As I warned readers above, this is not supposed to be a mathematically rigorous exposition of how to account for data mining bias, but rather an illustrative explanation of the principle(s) behind accounting for it. The main take away is that the red distribution, whatever it is for the test(s) you are running, needs to be generated and then the tests on real data need to be appropriately discounted by the relevant measures taken from the red distribution before any inferences are drawn about the efficacy of the results on the real data.

For more information about data mining tests readers might care to visit a Github repository I have created, which contains code and some academic papers on the subject. 


Michael Harris said...

Interesting blog about a real problem.

"Having obtained our random data set, we the[n] perform the exact same search as we did above"
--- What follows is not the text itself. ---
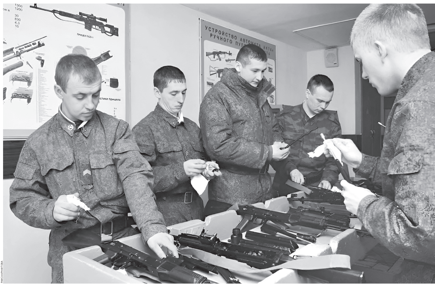
В армию ребята уходят подготовленными

With machine learning it's rare to have an "exact same search". Based on this fact, the method is a first good effort but must take that into account. For example, you can do 1000 searches and make a distribution of the metric for the best rule. Then shift the original distribution. However, I'm afraid that when this is done no machine learning method will turn out significant results.

Good blog. Michael Harris

Anonymous said...

You say "take 4 times the standard deviation plus the mean of the red distribution and shift our original green distribution to the right by an amount equal to this". I don't get this? Why shift the green distribution? I would have thought that the test had already shown the red had a much smaller density than the green in the right tip are of the green, and therefore a system in that area was much more likely to have come from an influence present in the green but not the red. I'm really missing something ... Jonathan

Scott W said...

Nice work

I see the value of the first couple of steps, nice work, thanks.

I am not convinced -- perhaps you could add a more detail explanation -- of the theory, logic and math that allowed you to conclude that your original results was safely real, and not spurious. I am less concerned about the exact calculation - which is likely going to have a lot of leaps, vs a rigorous sequence of logical assumptions.

Kind Regards,

Dekalog said...

@Anonymous - the number for 4x the sd was just made up, as was the idea of shifting the green distribution. You are quite right that if the null hypothesis being tested is whether the "best" is just a result of data mining bias then the shifting of the green distribution is irrelevant - this best should be compared directly to the red distribution. I did say that the test I was describing was "naive" and perhaps I should have explained that more clearly in the main blog post. The main point I was trying to make is that the red distribution should be created and then used in some way. The method of creating this distribution and how it will be used is very specific to the null hypothesis being tested. In due course, when I do these tests for myself on my results, I shall post more details.

@Scott - see my reply to anonymous above. There was no intent to accurately describe any particular hypothesis test - all the values etc. were simply made up to illustrate a general principle that one should try to account for the data mining bias in some way.

Krzysztof F said...

Great stuff !!! More practical info about permutation tests is here

However permutation methods are applied to out of sample trades and your method to in sample or ??


Dekalog said...

@ Krzysztof Thanks for the link.